**DIRECTIONS FOR THIS TASK**: Copy nothing but the lines below, from the one with "Open any Contract" through the one with "A 9ct gold sapphire", exactly as written; no pictures should appear.

DATA TO EXAMINE Block Start

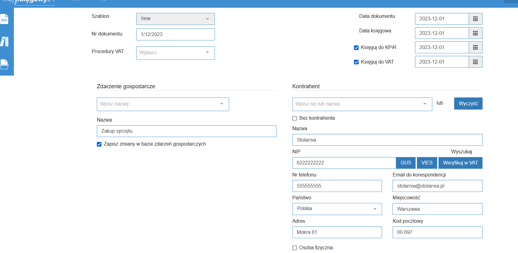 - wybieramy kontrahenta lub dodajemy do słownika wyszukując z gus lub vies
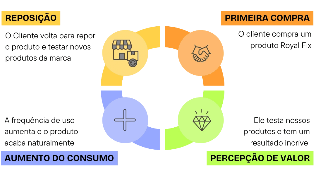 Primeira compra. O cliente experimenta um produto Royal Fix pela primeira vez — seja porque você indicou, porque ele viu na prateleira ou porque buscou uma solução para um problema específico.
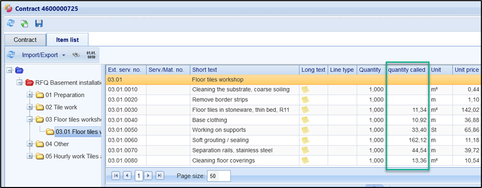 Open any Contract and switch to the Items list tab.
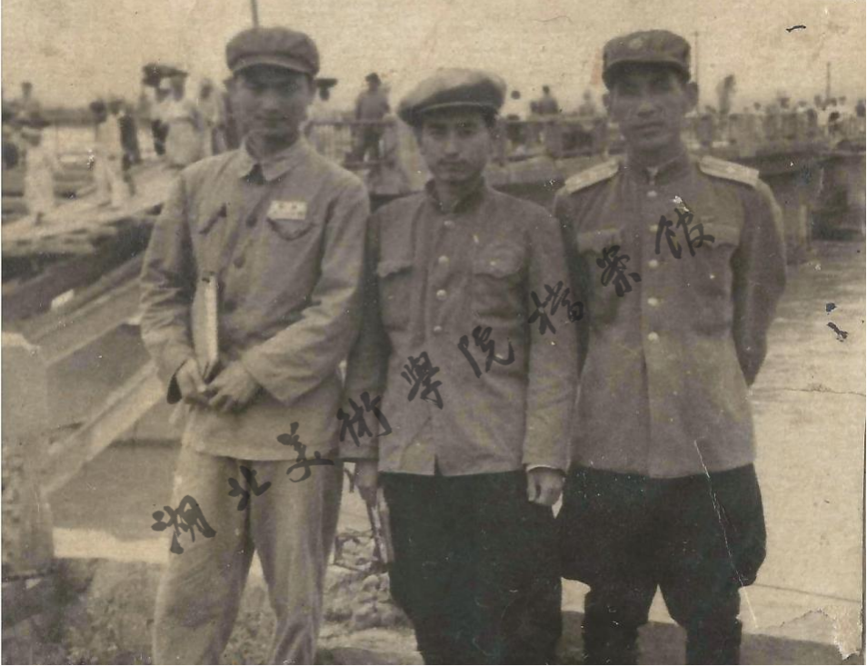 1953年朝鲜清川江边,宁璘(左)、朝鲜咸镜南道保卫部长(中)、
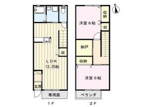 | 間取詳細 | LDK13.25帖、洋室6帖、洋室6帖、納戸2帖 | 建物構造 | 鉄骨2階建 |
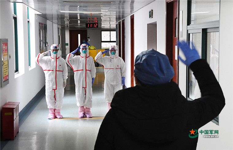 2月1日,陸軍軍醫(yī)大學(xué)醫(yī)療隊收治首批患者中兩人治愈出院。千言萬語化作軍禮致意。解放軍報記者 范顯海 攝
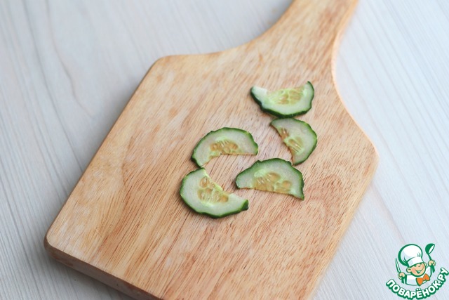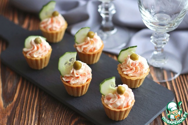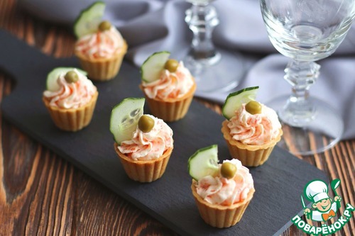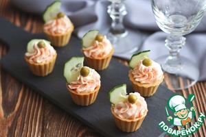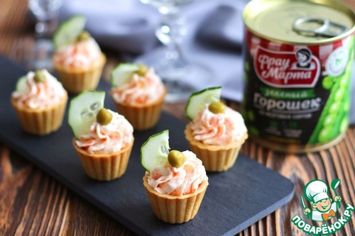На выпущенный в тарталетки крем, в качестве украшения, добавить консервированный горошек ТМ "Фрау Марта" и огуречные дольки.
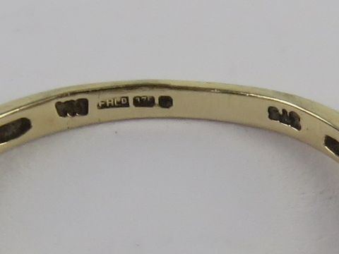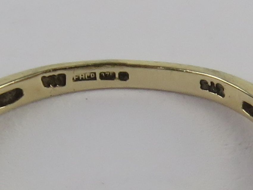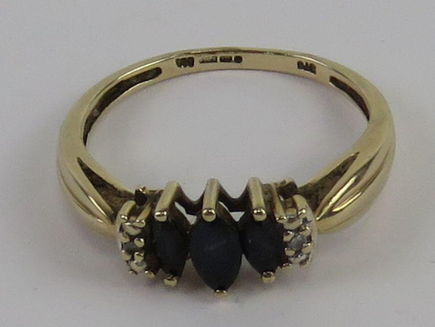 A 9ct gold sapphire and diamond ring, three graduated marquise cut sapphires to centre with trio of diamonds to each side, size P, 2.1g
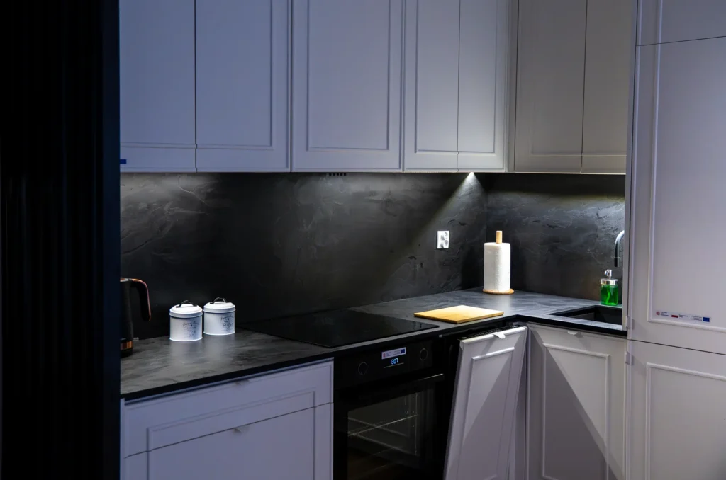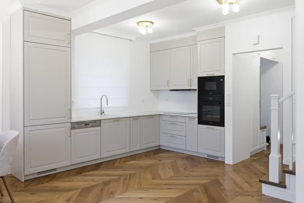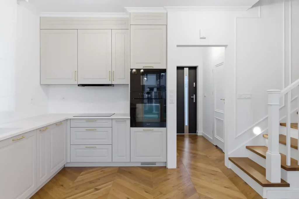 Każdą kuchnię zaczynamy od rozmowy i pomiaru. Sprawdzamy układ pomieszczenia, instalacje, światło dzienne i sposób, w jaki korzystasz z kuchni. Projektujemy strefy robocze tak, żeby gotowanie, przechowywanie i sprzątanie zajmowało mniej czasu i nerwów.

DATA TO EXAMINE Block End

**ANSWER BELOW**:
 Open any Contract and switch to the Items list tab.
 1953年朝鲜清川江边,宁璘(左)、朝鲜咸镜南道保卫部长(中)、
 | 間取詳細 | LDK13.25帖、洋室6帖、洋室6帖、納戸2帖 | 建物構造 | 鉄骨2階建 |
 2月1日,陸軍軍醫(yī)大學(xué)醫(yī)療隊收治首批患者中兩人治愈出院。千言萬語化作軍禮致意。解放軍報記者 范顯海 攝
На выпущенный в тарталетки крем, в качестве украшения, добавить консервированный горошек ТМ "Фрау Марта" и огуречные дольки.
 A 9ct gold sapphire and diamond ring, three graduated marquise cut sapphires to centre with trio of diamonds to each side, size P, 2.1g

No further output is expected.